1. ## Minimization Problem.

Problem A
What is the cheapest soup can that will hold 75in3 (cubic inches) of soup? Assume the can is cylindrical in shape and that the total cost of a can is proportional to the amount of material (tin) measured as area (in other words, don’t worry about the thickness of the tin). Be sure to provide both the diameter (or radius) and height of the can and sketch what this cheapest can looks like!

Problem B
Repeat the above problem but for the case where, for whatever reason, the cost of manufacturing the two lids of the can is three times higher than manufacturing the sidewall. Give your answer in the same form as above, including the sketch.

2. The volume of a cylinder is given by:

$\displaystyle V = \pi r^2h$

The surface area is given by:

$\displaystyle A = 2\pi r^2 + 2\pi rh$

Find the derivative of A, using the volume given to express either the radius in terms of height or vice versa.

Then, substitute back the radius or height in the volume formula to get the other dimension.

Can you do this part first?

3. You mean 4pir+pirh?

4. What do you mean?
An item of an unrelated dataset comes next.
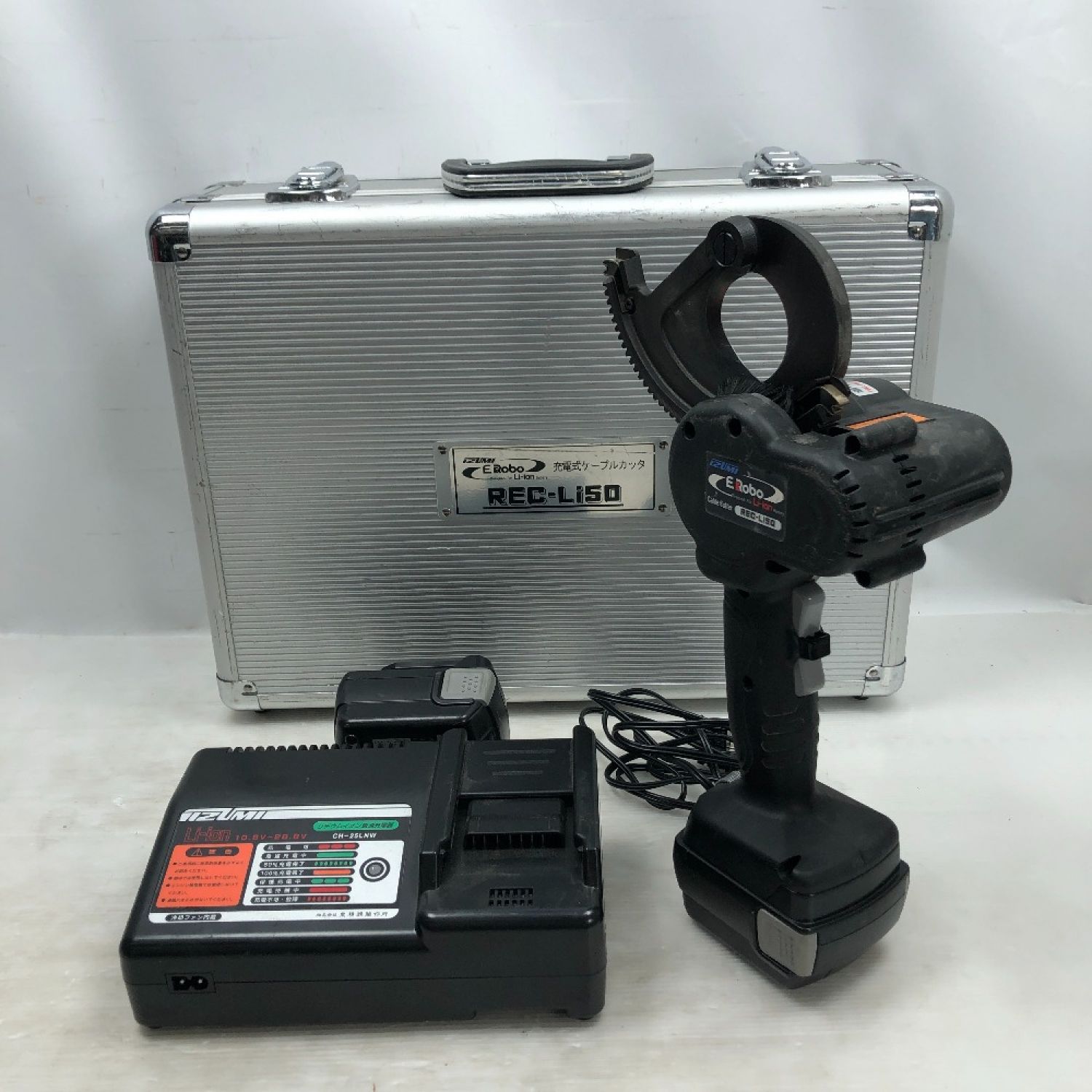 【商品名】中古 IZUMI 電動工具 充電式ケーブルカッター 充電器・充電池2個・ケース付 コードレス式 REC-Li50 ブラック Cランク

For the surface area of the cylinder?

No, I meant what I meant.

The area of a circile is $\displaystyle \pi r^2$

In a cylinder, there are 2 circles for two cross sections, hence $\displaystyle 2 \pi r^2$

Then, the curved surface, if opened has the length h and the width equal to the circumference of a circle, which gives: $\displaystyle 2\pi r h$

6. What do you not understand?

7. You want me to find the der of A = 2 pi r^2 + 2 pi r h?

8. You want to have a volume of 75 in^3 in a can having the lowest possible surface area so that the cost of the can is minimised yes?

Then, you need to know how does this area varies as r and h vary, while keeping the volume constant.

Hence, you are looking for the minimum point of the graph showing how A varies with either h or r.

9. Can you please show me the steps.. i really am bad at match i need help need to submit this...

10. As I told you in my first post in this thread, the volume, V, of a cylinder is given by

$\displaystyle V = \pi r^2h$

and the area of the same cylinder is given by:

$\displaystyle A = 2\pi r^2 + 2\pi rh$

We know that the volume is 75 in^3. We are looking for the minimum A while r or h vary. Let's look for the value of r, the radius of the circular cross section of the cylindrical can.

So, from the information we got, we have:

$\displaystyle V = 75\ in^3$

$\displaystyle \pi r^2h = 75$

$\displaystyle h = \dfrac{75}{\pi r^2}$

In the Area equation, we get:

$\displaystyle A = 2\pi r^2 + 2\pi rh$

Substitute h by what we just got;

$\displaystyle A = 2\pi r^2 + 2\pi r\left(\dfrac{75}{\pi r^2}\right)$

Can you simplify this and find it's derivative?